- Born: Francis Harry Panton 25 May 1923 Lincoln, England
- Died: 8 April 2013 (aged 89) Kent, England
- Education: University of Nottingham
- Occupations: Military scientist; bomb disposal expert; Assistant Chief Science Advisor (Nuclear) to UK government;
- Known for: Military intelligence work, development of Chevaline nuclear weapons system, amateur archaeology

= Frank Panton =

Francis Harry "Frank" Panton, (25 May 1923 – 8 April 2013) was a British military scientist, bomb disposal expert, and amateur archaeologist who played a key role in the development of the Chevaline nuclear weapons system during the Cold War. He served as the Assistant Chief Nuclear Science Advisor (ACSAN) to the British government, and was also heavily involved in military intelligence work in Berlin and Washington, DC. Later, as the chairman of the Canterbury Archaeological Trust, he oversaw the discovery and preservation of numerous important archaeological artifacts in his home county of Kent.

==Education and Second World War==
Panton was born in Lincoln and educated at the Lincoln City School. During the Second World War, he joined the Royal Engineers, serving as a reconnaissance officer in the No. 1 Bomb Disposal Company. In 1948, he was appointed a Member of the Order of the British Empire in recognition of his mine clearance and bomb disposal work. After being demobilised, he went to study chemistry at the University of Nottingham. He became the vice-president of the National Union of Students, and visited the Soviet Union as a guest of state.

==Military intelligence and weapons development work==
In the early 1950s, Panton was recruited by British military intelligence and was posted to West Berlin, where he attempted to uncover Soviet nuclear secrets by questioning East German refugees at Checkpoint Charlie. From 1958 to 1959, he worked as an intelligence liaison at the British embassy in Washington DC. He also served as a technical advisor at nuclear disarmament talks in Geneva, before returning to Washington in 1963 as the British defence attaché. In 1967, Panton left Washington to become the Assistant Chief Nuclear Science Advisor (ACSAN) at the Ministry of Defence.

===Chevaline project===

In 1969, as ACSAN, Panton oversaw the commencement of the Chevaline project – an effort to increase the ability of British Polaris nuclear missiles to penetrate Soviet missile defences. A key feature of Chevaline was its use of multiple decoy warheads and other penetration aids to overwhelm enemy missile-tracking radars, thus guaranteeing that some warheads would reach their targets. Panton was instrumental in obtaining political and financial support for the project, which entered service in 1975 and remained active through the 1980s.

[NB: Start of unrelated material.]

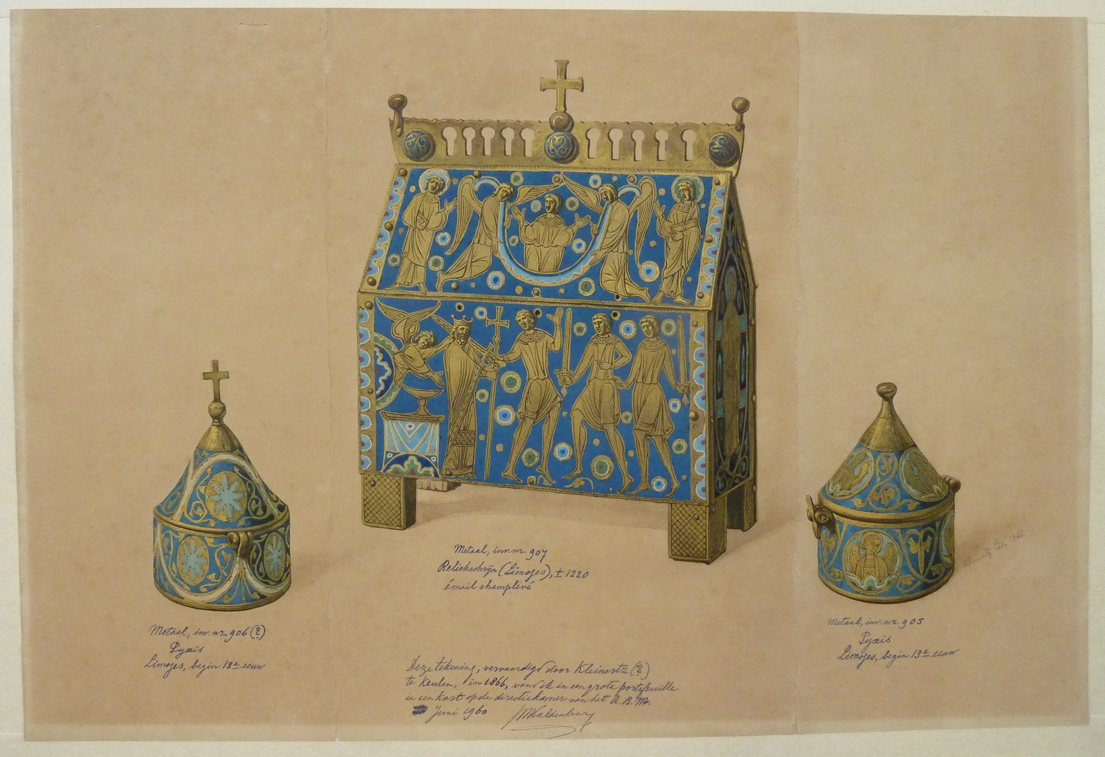 Reliekschrijn ABM m907, pyxis ABM m905 en links een tweede pyxis, enigszins lijkend op ABM m906

===Later research and development work===
In the 1970s and early 1980s, Panton was in charge of several advanced military research and development organisations, including the Royal Armament Research and Development Establishment (RARDE) at Fort Halstead, Sevenoaks. Among his projects during this period was the upgrading of the Wheelbarrow bomb disposal robot for use by British soldiers in Northern Ireland. Panton retired from the Ministry of Defence in 1984, but remained a prominent technical consultant to the British government before fully retiring in 1999.

==Archaeological work==
Panton moved to Kent in the 1980s, and became the chairman of the Canterbury Archaeological Trust. Before his retirement from the Trust in 2000, he oversaw the discovery and preservation of several important artefacts, including a Bronze Age boat which was unearthed in Dover in 1992, and the remnants of an Anglo-Saxon church which were found beneath Canterbury Cathedral in 1994. He also contributed prolifically to the journal of the Kent Archaeological Society, Archaeologia Cantiana.

==Personal life==
In 1952, Panton married Audrey Lane, with whom he had two sons. In 1995, following Lane's death, Panton married Pauline Dean, who survived him. Panton died in April 2013 at the age of 89.